■ About this task
The entire listing below is to be written out exactly, minus the pictures.

■ Information provided
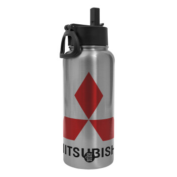 mitsubishi, Metal mug thermo Silver with Straw and Spout Lid (Stainless steel), double wall, 950ml
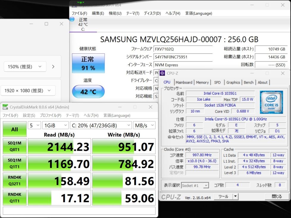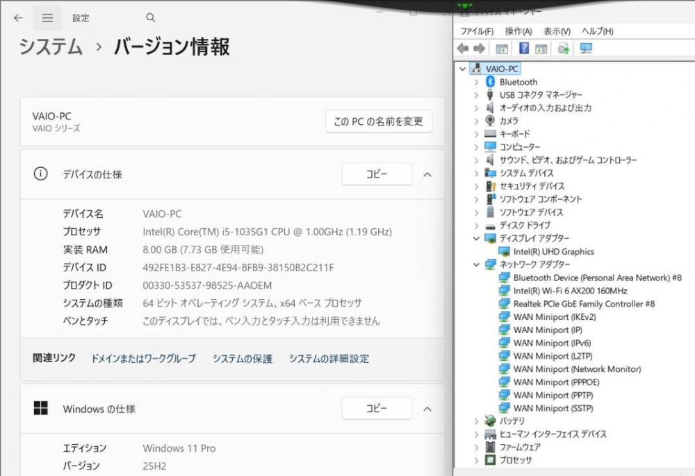 CPU:    超高速 Intel 超高性能 第10世代Core i5-1035G1 1.0Ghz、 4コア8スレッド (ターボ・ブースト利用時の最大周波数 3.6GHz)
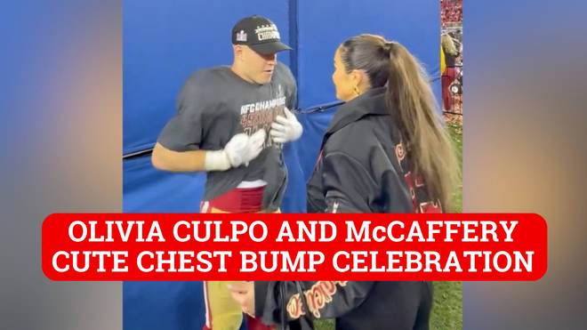 Olivia Culpo cute chest bump with Christian McCaffery like she is a 49ers player

■ Output
 mitsubishi, Metal mug thermo Silver with Straw and Spout Lid (Stainless steel), double wall, 950ml
 CPU:    超高速 Intel 超高性能 第10世代Core i5-1035G1 1.0Ghz、 4コア8スレッド (ターボ・ブースト利用時の最大周波数 3.6GHz)
 Olivia Culpo cute chest bump with Christian McCaffery like she is a 49ers player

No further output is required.